WHAT IS REQUIRED – Below, some lines carry pictures; leave those pictures out and retype exactly the lines from the one with "Der Mini-Handsender kann" through the one with "لم تحدث بعد.".

Saved data entries
··········
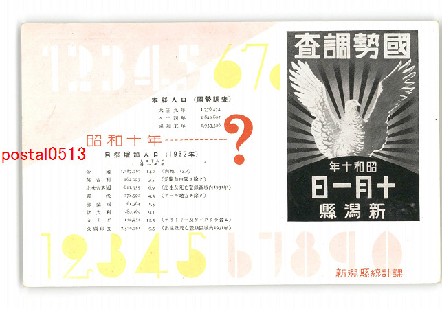 昭和10年国勢調査記念 新潟人口 1932年 *傷み有り
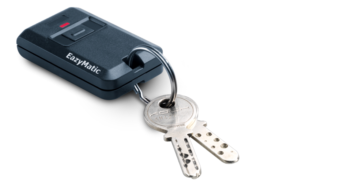Der Mini-Handsender kann dank seiner geringen Grösse am Schlüsselbund befestigt werden und passt in die kleinste Tasche.
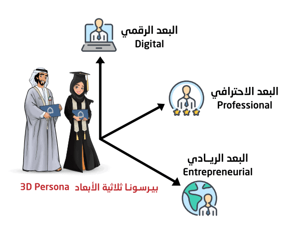 تتألف "البيرسونا ثلاثية الأبعاد" من ثلاث سمات أساسية تجسد ملامح خريجي المستقبل وهي: البعد الرقمي والبعد الاحترافي والبعد الريادي، وستضمن هذه السمات الثلاثية للخريجين ليس فقط الجاهزية في التعامل مع وظائف لم توجد بعد، بل مع تحديات لم تحدث بعد.
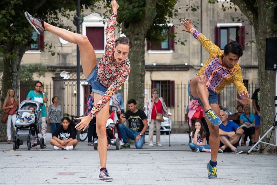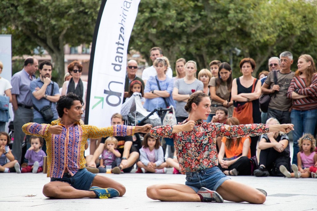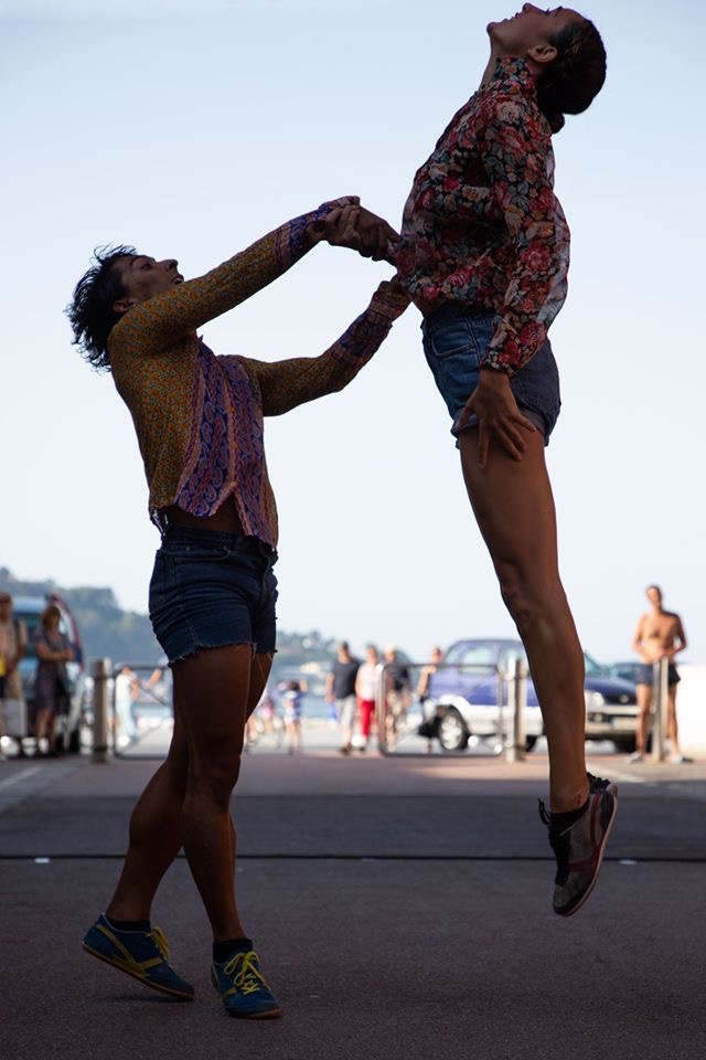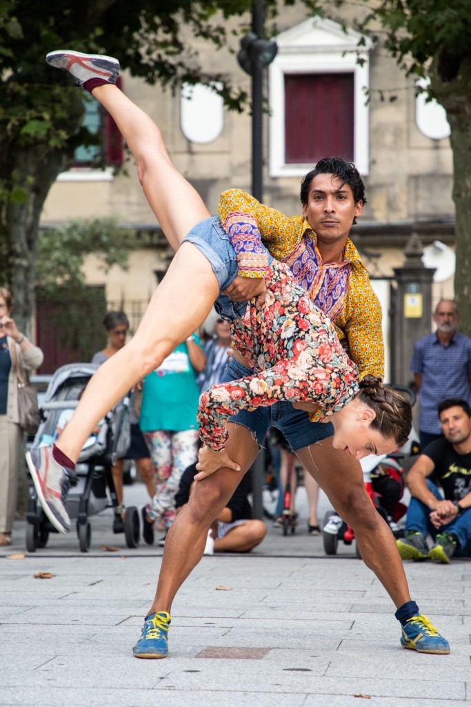 OUT OF THE BLUE es una pieza de danza contemporánea de formato pequeño pensada para mostrarse en calle donde dos intérpretes se encuentran en escena. Es un trabajo fresco y divertido que nace de la necesidad de disfrutar del placer de bailar libremente, de moverse, de desconectar, de romper con lo rutinario y lo ya establecido. Tanto es así, que nuestra propuesta es mostrar la pieza al publico para que éste disfrute tanto como nosotros. Queremos que sonría, que aplauda y que sienta el ritmo de la excitación a la que conduce la pieza.
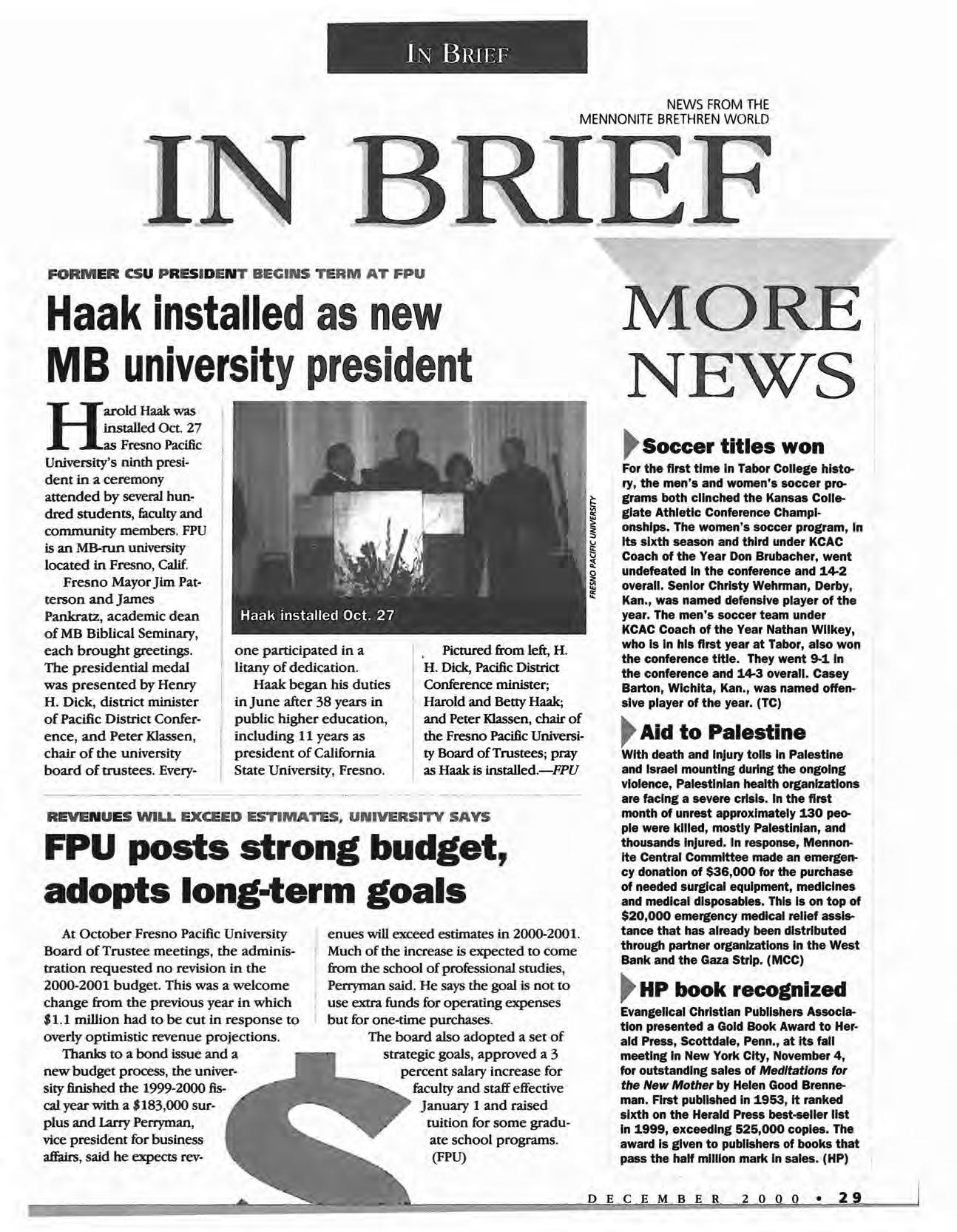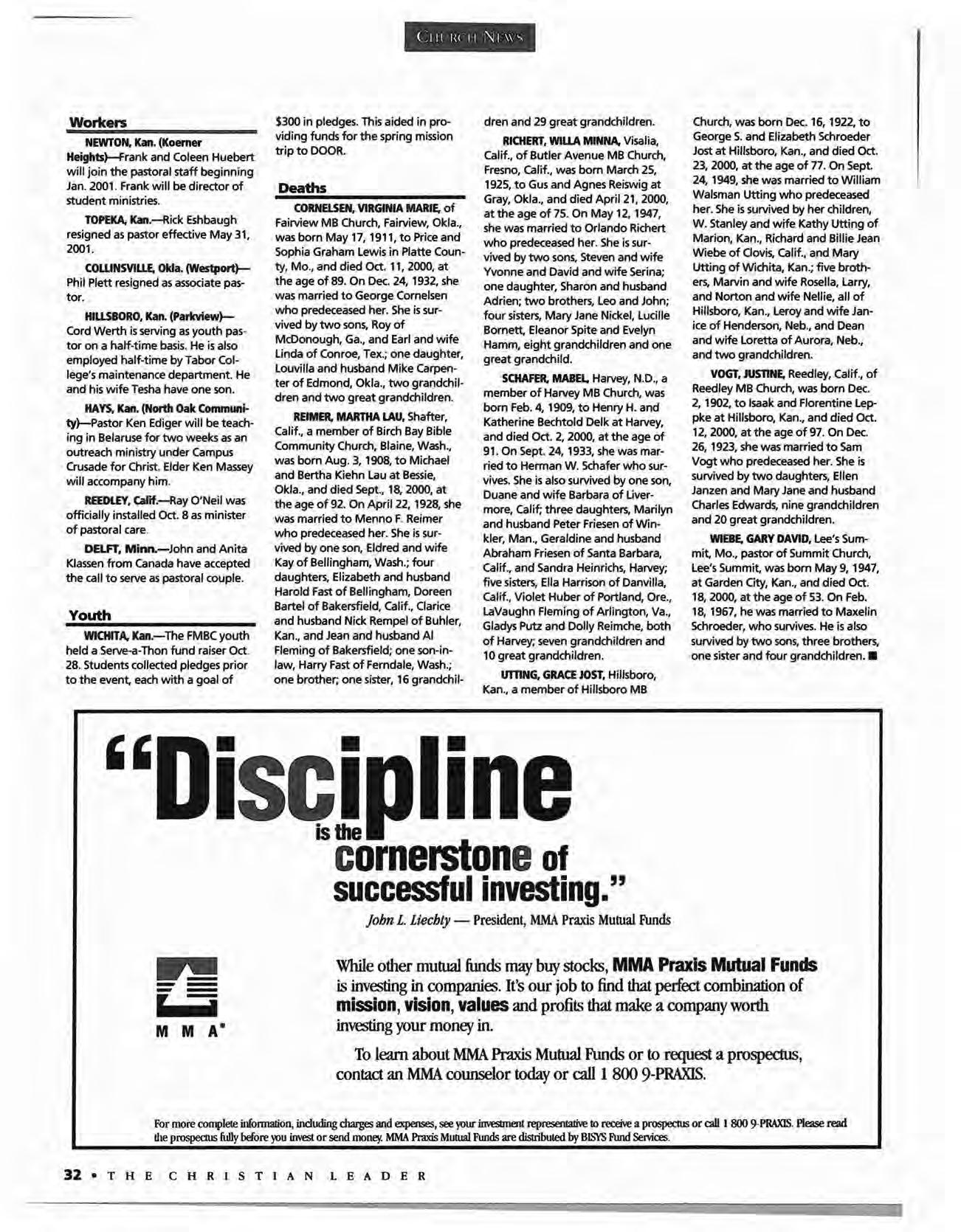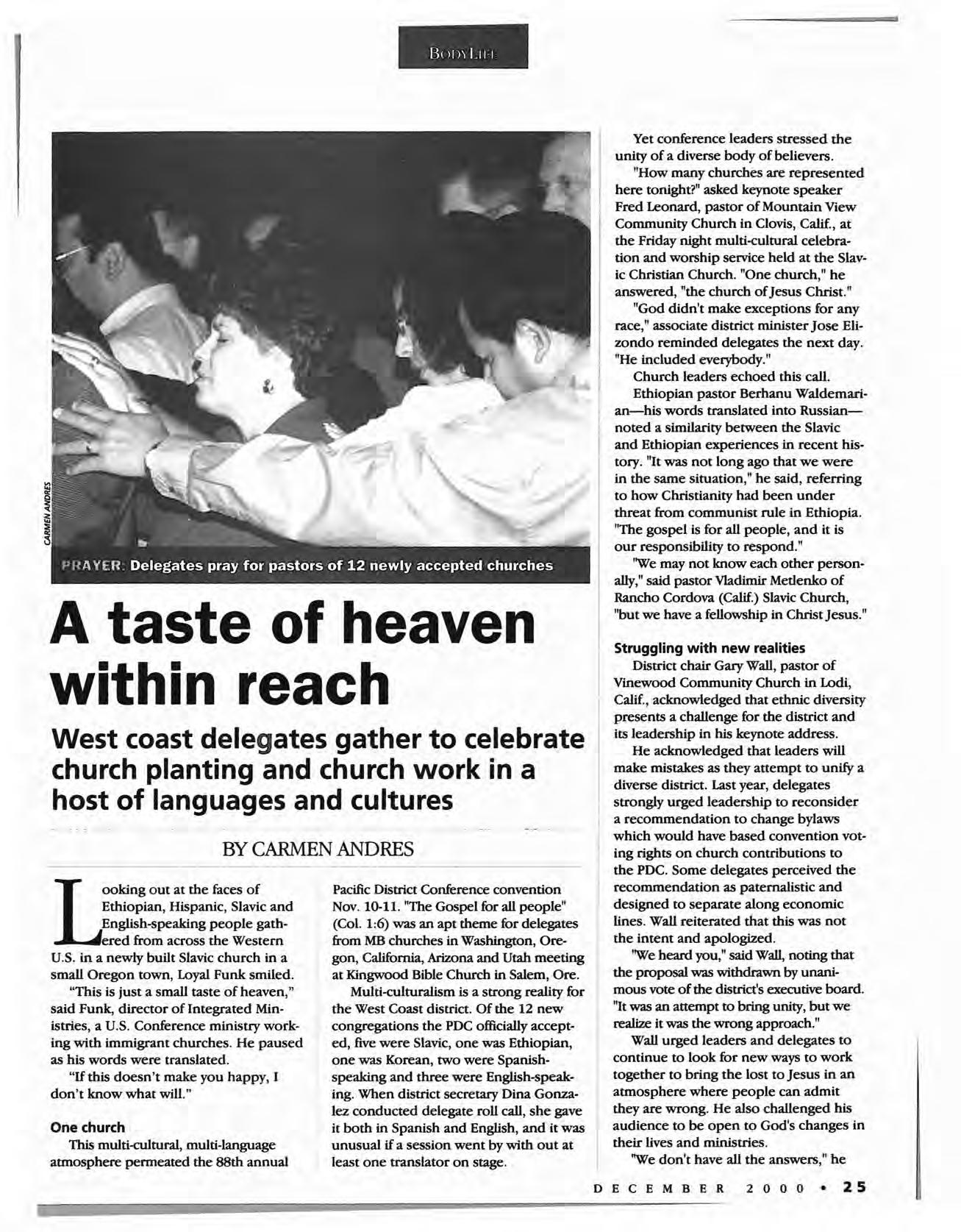 The Christian Leader (ISSN 0009-5149) is published monthly by the U.S. Conference of Mennonite Brethren Churches, 315 S. Lincoln, Hillsboro, KS 67063. The Christian Leader seeks to inform Mennonite Brethren members and churches of the events, activities, decisions and issues of their denomination, and to instruct, inspire and initiate dialog so members will aspire to be faithful disciples of Christ as understood in the evangelicaVAnabaptist theological tradition. However, the views expressed in this publication do not necessarily represent the position of the Christian Leader, the Board of Communications or the Mennonite Brethren Church.
··········
YOUR RESPONSE –
Der Mini-Handsender kann dank seiner geringen Grösse am Schlüsselbund befestigt werden und passt in die kleinste Tasche.
 تتألف "البيرسونا ثلاثية الأبعاد" من ثلاث سمات أساسية تجسد ملامح خريجي المستقبل وهي: البعد الرقمي والبعد الاحترافي والبعد الريادي، وستضمن هذه السمات الثلاثية للخريجين ليس فقط الجاهزية في التعامل مع وظائف لم توجد بعد، بل مع تحديات لم تحدث بعد.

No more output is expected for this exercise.